⟨
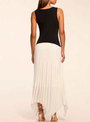 Contrast is everything. The Davinia pairs a stretch knit bodice with a pleated skirt featuring a handkerchief hem that moves beautifully. This sleeveless silhouette brings dimension and flow to weddings, evening events, or anywhere you want to make an entrance.
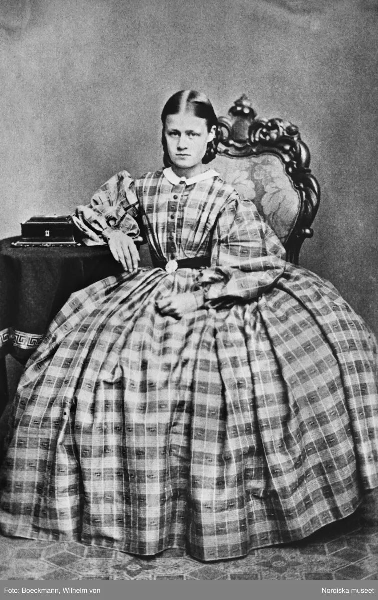 Porträtt av ung kvinna, Anna Carolina Östrand (född 1845) sittande vid bord iklädd rutig klänning, krinolin, med puffärmar och vit krage.
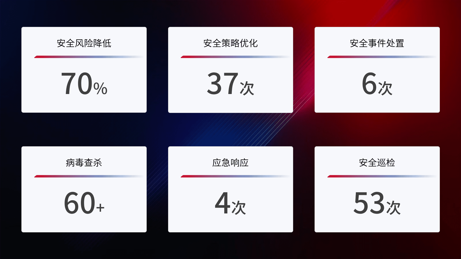 提供全面的安全事件报告体系,,,包括处置报告、、、周报、、、、季度和年度总结,,,结合持续监控,,,帮助客户深入了解网络安全状况。。。
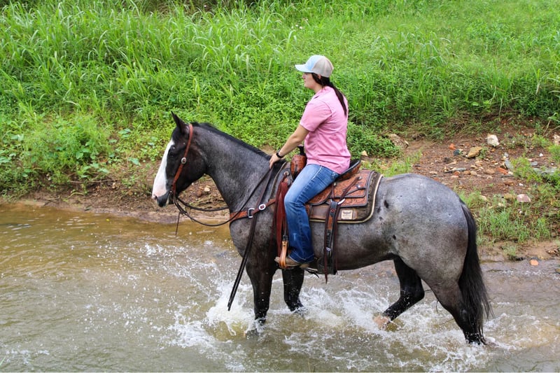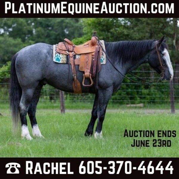 ONLINE AUCTION Place your bids at www.PlatinumEquineAuction.com Starting Bid $3500 Auction ends June 23rd, 2024 Need a new saddle? Check out White Rock Saddles on our website or Facebook! Indigo is a 7 year old BLUE ROAN draftcross gelding, He stands 16.1 hands tall and is a gentle giant! Indigo has been used for a little bit of everything! He has been trail rode all over, been hauled to state parks, he has been hunted off of in the mountains, he has also been packed off of. Indigo does great in any type of terrain, He crosses the creeks, bridges , and logs with no hesitation. Indigo has also spent countless hours on the ranch and in the sale barn doing all aspects of ranch work. He has been used to rope and doctor cattle outside, he has also been used to gather and sort cattle. Indigo has been used at the sale barn for pushing and sorting cattle as well! Indigo is super gentle and quiet, he has a sweet puppy dog personality and wants to be everyones friend! If your looking for a fancy crossbred that you can do anything on be sure to check Indigo out! He is located in Rusk TX, Nationwide shipping is available! Call or text TR Livestock Rachel 605-370-4644 for more info. ONLINE AUCTION Place your bids at www.PlatinumEquineAuction.com Starting Bid $3500 Auction ends June 23rd, 2024 Need a new saddle? Check out White Rock Saddles on our website or Facebook!
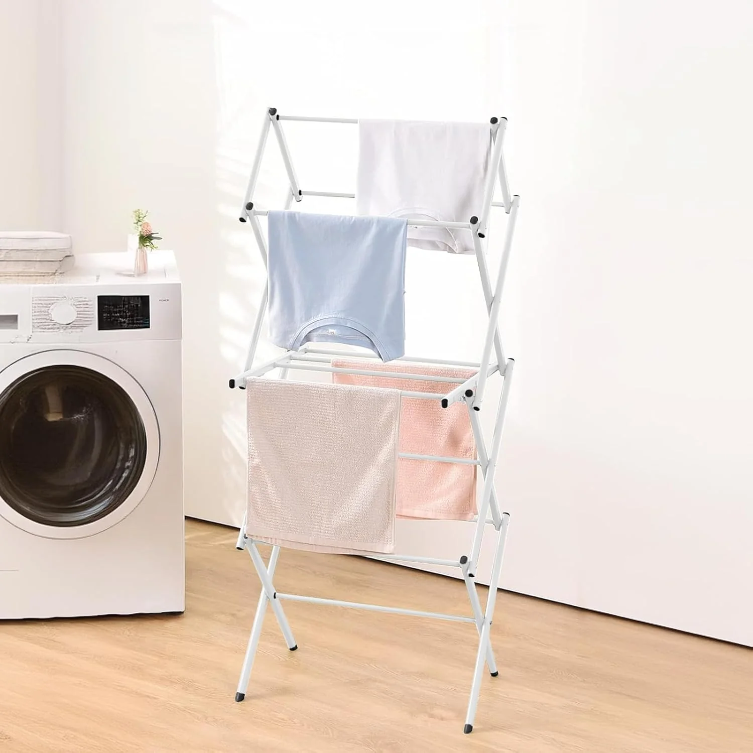 Gemaakt van ijzer met een beschermende coating en stevige PP-kunststof. Dit rek is duurzaam en waterdicht. Het vouwt eenvoudig met een trekbeweging voor compacte opslag en kan worden uitgebreid om meer kleding, handdoeken of schoenen te bevatten. De multi-paalstructuur zorgt voor stabiele ondersteuning terwijl het lichtgewicht blijft voor gemakkelijke mobiliteit.
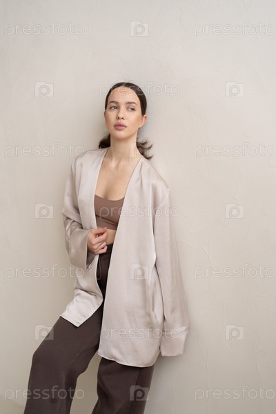 Молодая красивая женщина позирует в студии в бежевом плаще
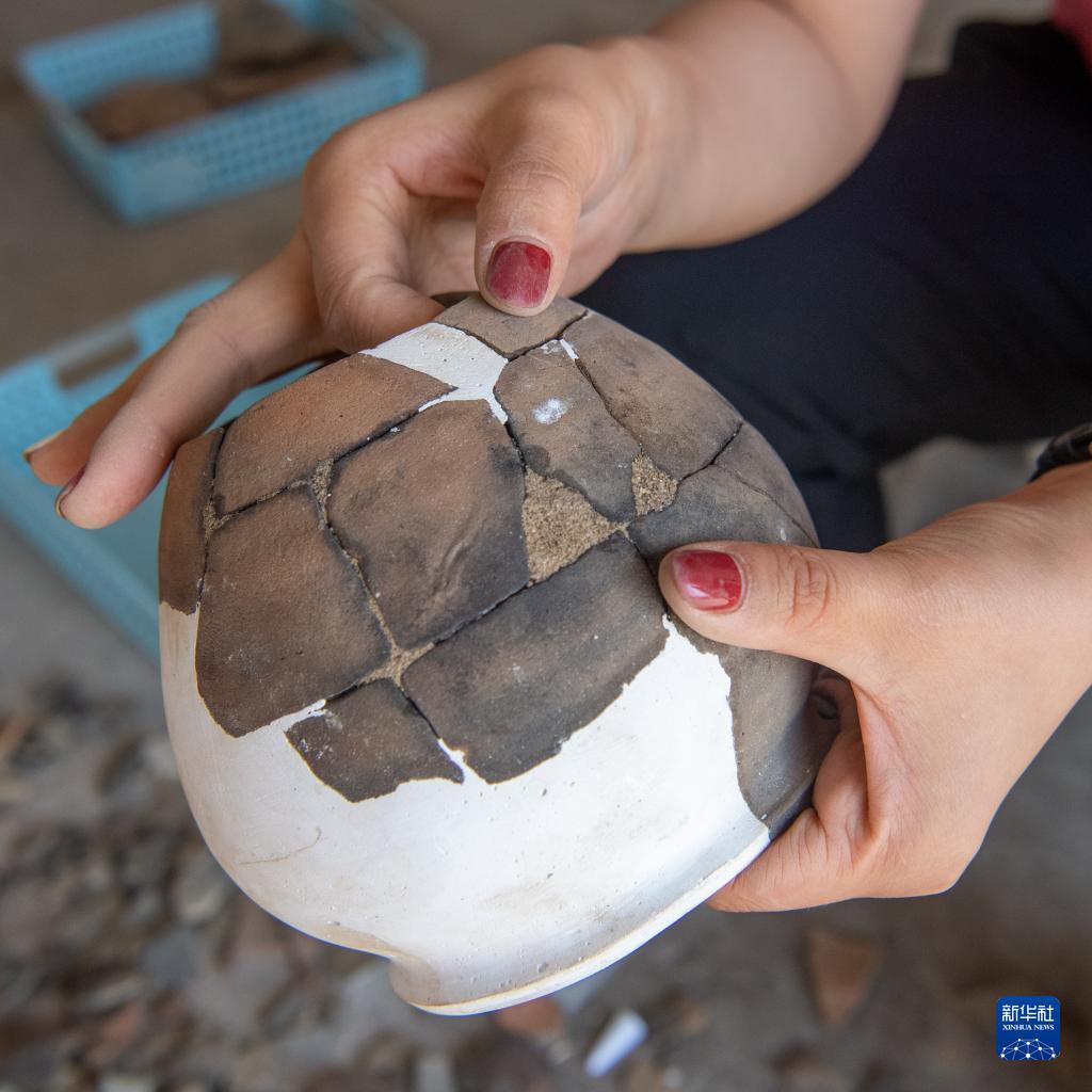 2022年10月19日,在位于重慶市涪陵區的小田溪墓群考古發掘現場臨時庫房內,燕妮在對一個剛完成拼對的陶器進行初步修復。
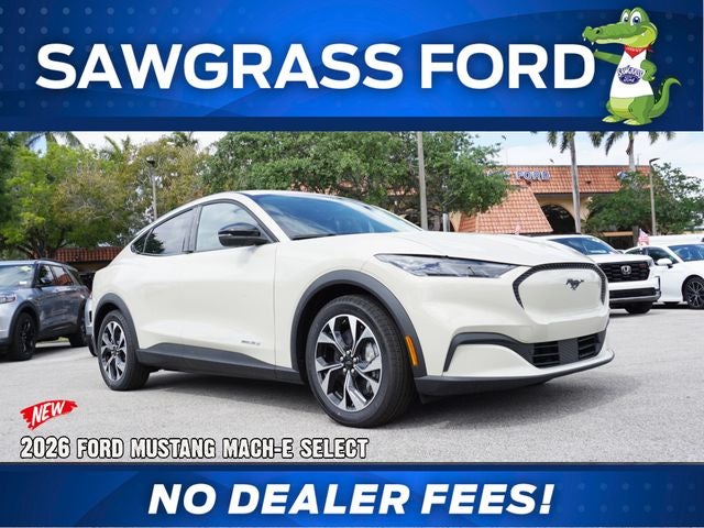 Recent Arrival! NO GAMES! PRICE PLUS SALES TAX AND TAG ONLY...NO DEALER FEES!!! Here at Sawgrass Ford we NEVER charge a DEALER FEE...WE MAKE IT EASY. 106/98 City/Highway MPG ***NO DEALER FEE***, Mustang Mach-E Select, 4D Sport Utility, Dual Electric Motor, Single-Speed Automatic, RWD, Desert Sand, Black Activex, 4-Wheel Disc Brakes, 6 Speakers, ABS brakes, ActiveX Bucket Seats, Air Conditioning, AM/FM radio: SiriusXM with 360L, AM/FM Stereo, Apple CarPlay/Android Auto, Auto High-beam Headlights, Auto-dimming Rear-View mirror, Automatic temperature control, Brake assist, Bumpers: body-color, Compass, Delay-off headlights, Drainable Frunk, Driver door bin, Driver vanity mirror, Dual front impact airbags, Dual front side impact airbags, Electronic Stability Control, Emergency communication system: 911 Assist, Equipment Group 100A Standard Package, Exterior Parking Camera Rear, Four wheel independent suspension, Front anti-roll bar, Front Bucket Seats, Front Center Armrest, Front dual zone A/C, Front reading lights, Fully automatic headlights, Heated door mirrors, Illuminated entry, Knee airbag, Low tire pressure warning, Mobile Power Cord (120V/240V), NACS Fast Charging Adapter, Navigation system: Connected Navigation, Occupant sensing airbag, Outside temperature display, Overhead airbag, Overhead console, Panic alarm, Passenger door bin, Passenger vanity mirror, Power door mirrors, Power driver seat, Power steering, Power windows, Radio data system, Rain sensing wipers, Rear anti-roll bar, Rear seat center armrest, Rear side impact airbag, Rear window defroster, Rear window wiper, Remote keyless entry, Security system, SiriusXM with 360L, Speed control, Speed-sensing steering, Speed-Sensitive Wipers, Split folding rear seat, Spoiler, Steering wheel mounted audio controls, SYNC 4A with Enhanced Voice Recognition, Telescoping steering wheel, Tilt steering wheel, Traction control, Trip computer, Turn signal indicator mirrors, Variably intermittent wipers, Wheels: 19 Machined-Face Aluminum.
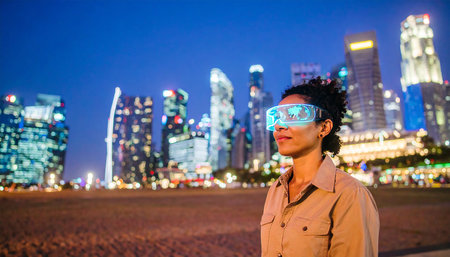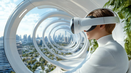 A person wearing virtual reality goggles in futuristic setting, surrounded by modern cityscape
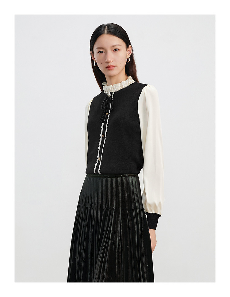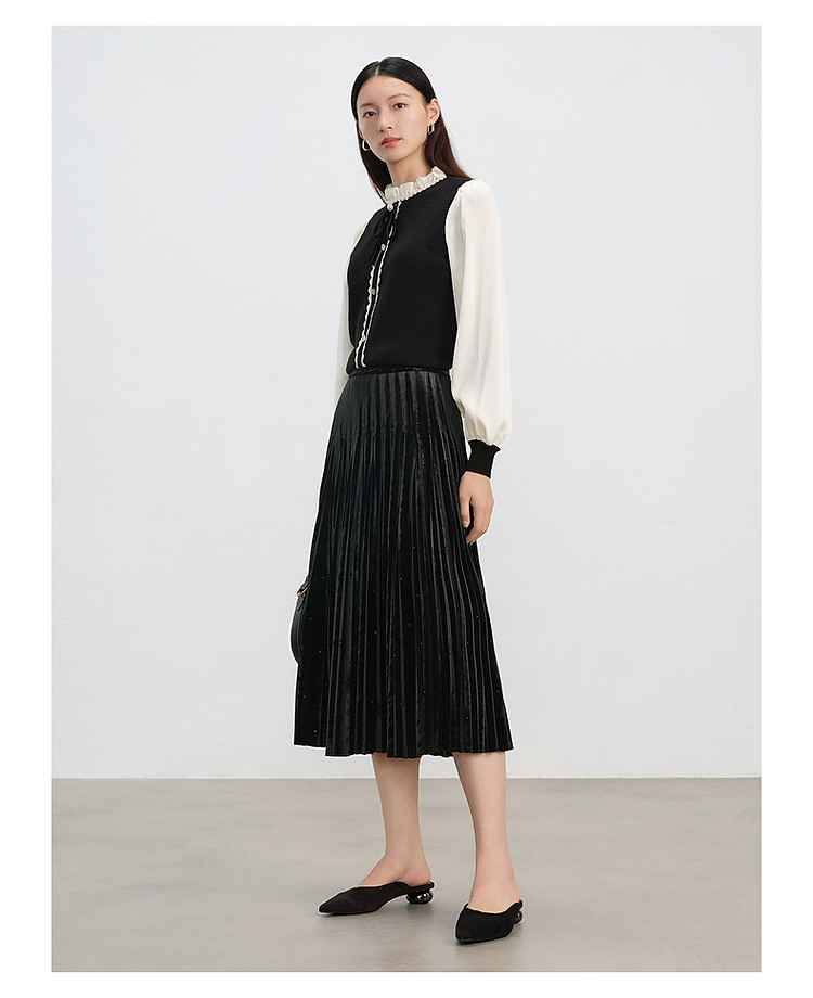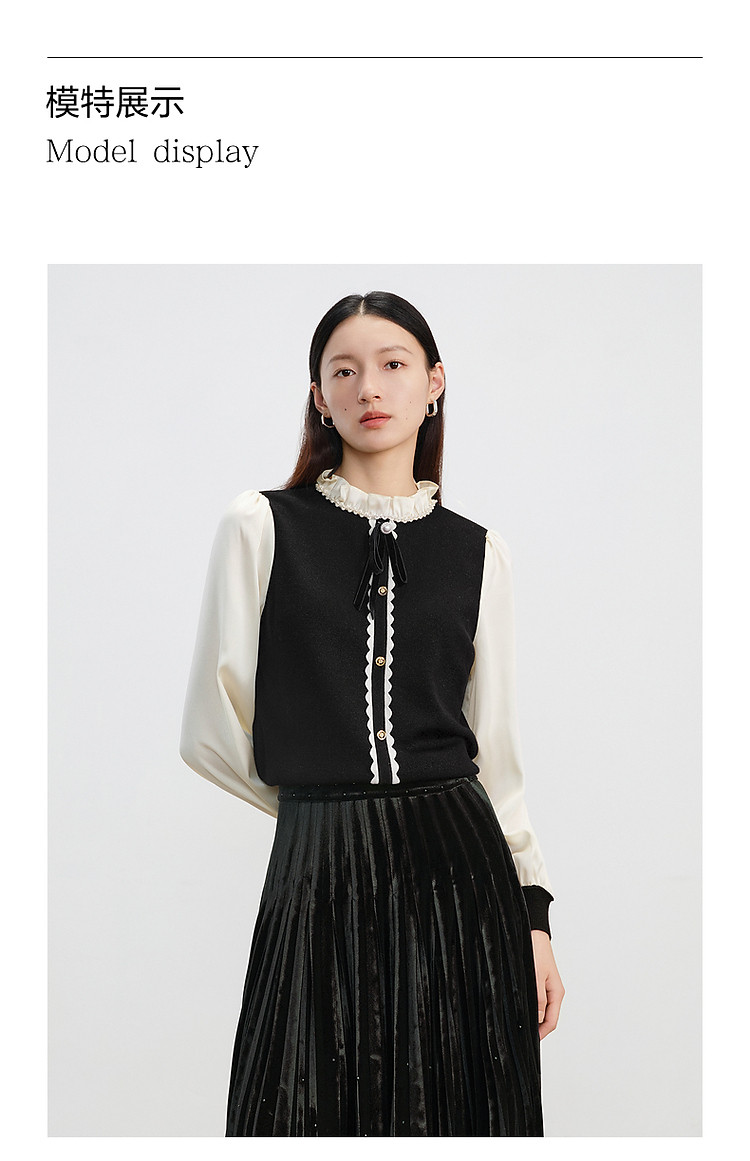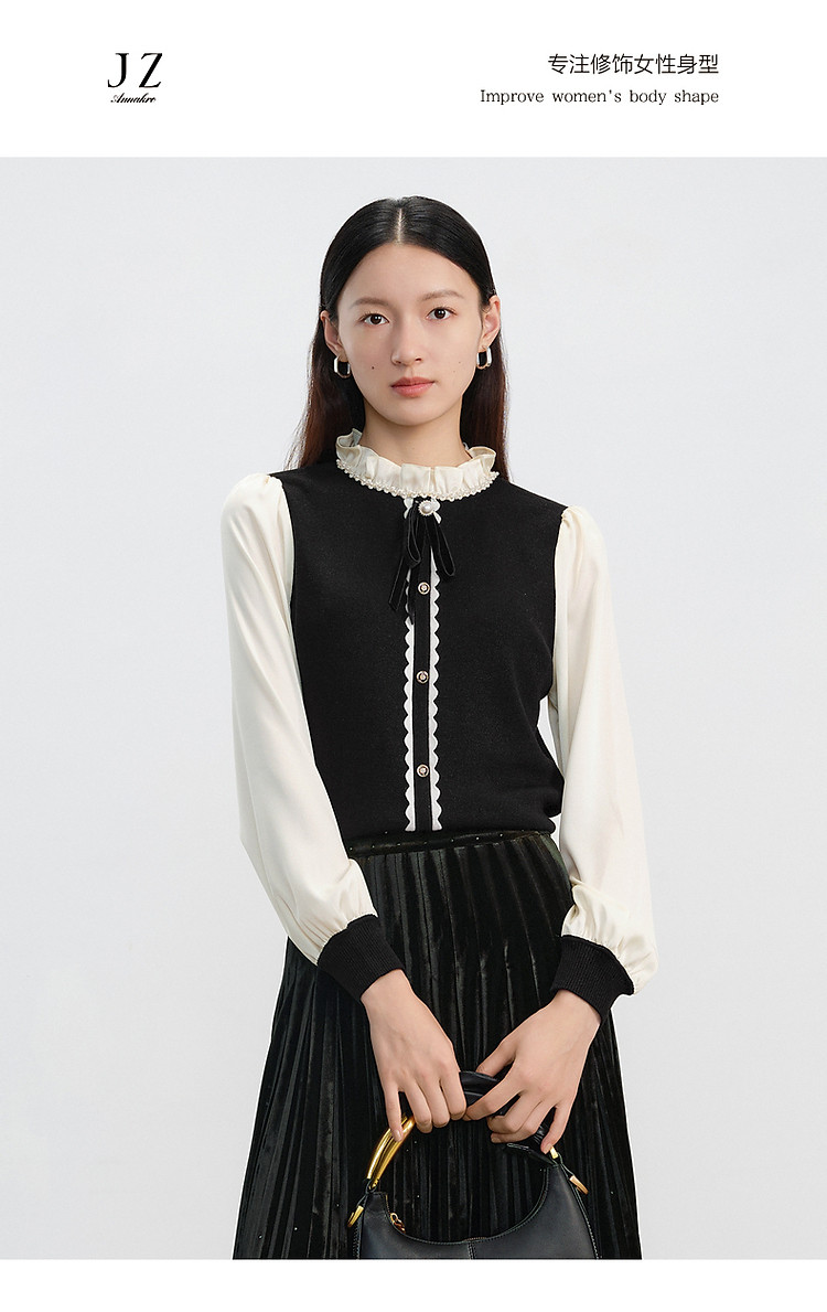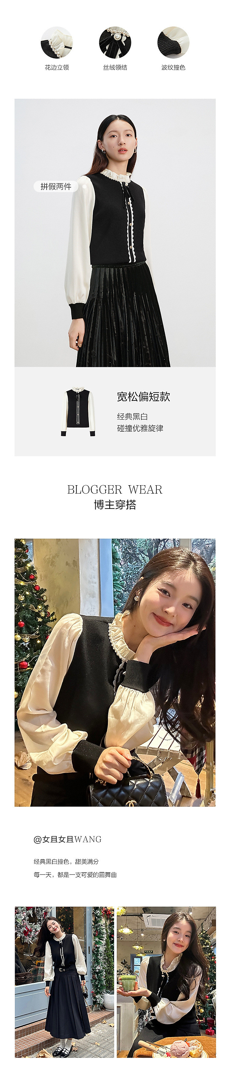 玖姿旗下安娜蔻系列宫廷风小香风气质优雅假两件H型毛衫女春季 578636
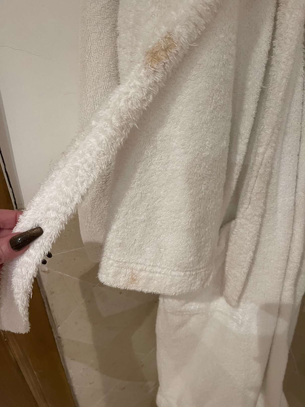 Dreckige Bademäntel erhalten und wurden erst als sie gewechselt als sie auf dem Boden lagen.
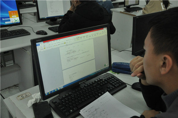 竞赛下午两点准时开赛,参赛同学都提前到场,调试软件,做好准备。在考试过程中,同学们仔细阅读赛题要求,把身心都投入到赛事当中,为了思考一道程序的过程和演算结果,他们需要进行大量的逻辑思考和稿纸演算,因此比赛一开始,整个赛场就充满了紧张的气息。所有人都在埋头分析演算,笔尖在稿纸上跳跃,目光在赛题和演算过程之间来回投递,就连他们的呼吸也都沉稳安静起来,所有人都进入了一种专注的状态。
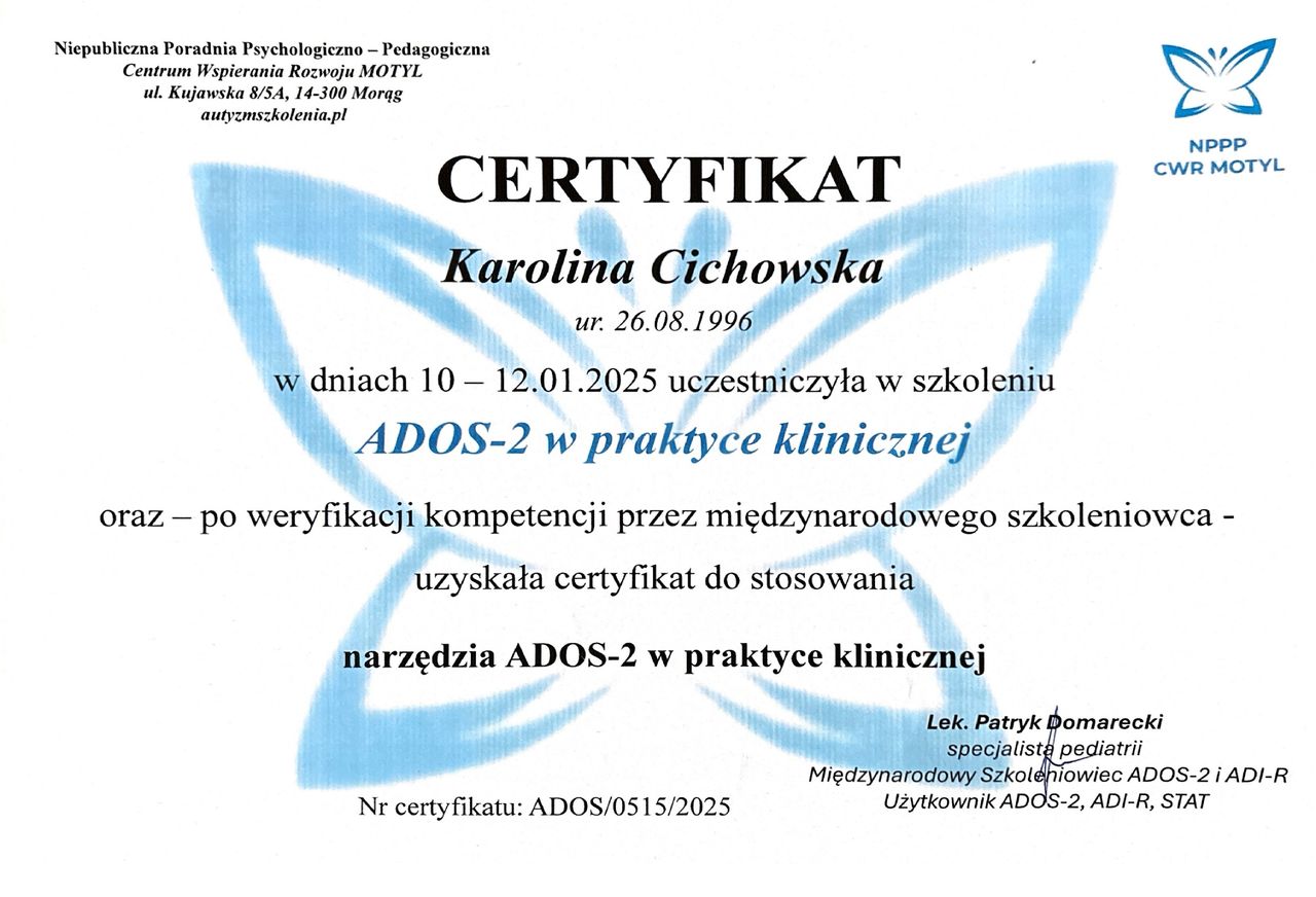 Pani Karolina to niezwykle kompetentny psycholog z solidną wiedzą specjalistyczną. Łączy profesjonalizm z ciepłem, empatią i dużym zrozumieniem. Trafnie rozpoznaje potrzeby dziecka oraz udziela cennych i skutecznych wskazówek rodzicom. Z pełnym przekonaniem polecam panią Karolinę !
⟩
▶ [WORK INSTRUCTIONS] Return exactly the stretch above whose first line contains "or Facebook! Indigo" and whose last line contains "2022年10月19日,在位", and nothing outside it. The pictures should not appear.

▶ [REPLY TO THE EXERCISE]
 ONLINE AUCTION Place your bids at www.PlatinumEquineAuction.com Starting Bid $3500 Auction ends June 23rd, 2024 Need a new saddle? Check out White Rock Saddles on our website or Facebook! Indigo is a 7 year old BLUE ROAN draftcross gelding, He stands 16.1 hands tall and is a gentle giant! Indigo has been used for a little bit of everything! He has been trail rode all over, been hauled to state parks, he has been hunted off of in the mountains, he has also been packed off of. Indigo does great in any type of terrain, He crosses the creeks, bridges , and logs with no hesitation. Indigo has also spent countless hours on the ranch and in the sale barn doing all aspects of ranch work. He has been used to rope and doctor cattle outside, he has also been used to gather and sort cattle. Indigo has been used at the sale barn for pushing and sorting cattle as well! Indigo is super gentle and quiet, he has a sweet puppy dog personality and wants to be everyones friend! If your looking for a fancy crossbred that you can do anything on be sure to check Indigo out! He is located in Rusk TX, Nationwide shipping is available! Call or text TR Livestock Rachel 605-370-4644 for more info. ONLINE AUCTION Place your bids at www.PlatinumEquineAuction.com Starting Bid $3500 Auction ends June 23rd, 2024 Need a new saddle? Check out White Rock Saddles on our website or Facebook!
 Gemaakt van ijzer met een beschermende coating en stevige PP-kunststof. Dit rek is duurzaam en waterdicht. Het vouwt eenvoudig met een trekbeweging voor compacte opslag en kan worden uitgebreid om meer kleding, handdoeken of schoenen te bevatten. De multi-paalstructuur zorgt voor stabiele ondersteuning terwijl het lichtgewicht blijft voor gemakkelijke mobiliteit.
 Молодая красивая женщина позирует в студии в бежевом плаще
 2022年10月19日,在位于重慶市涪陵區的小田溪墓群考古發掘現場臨時庫房內,燕妮在對一個剛完成拼對的陶器進行初步修復。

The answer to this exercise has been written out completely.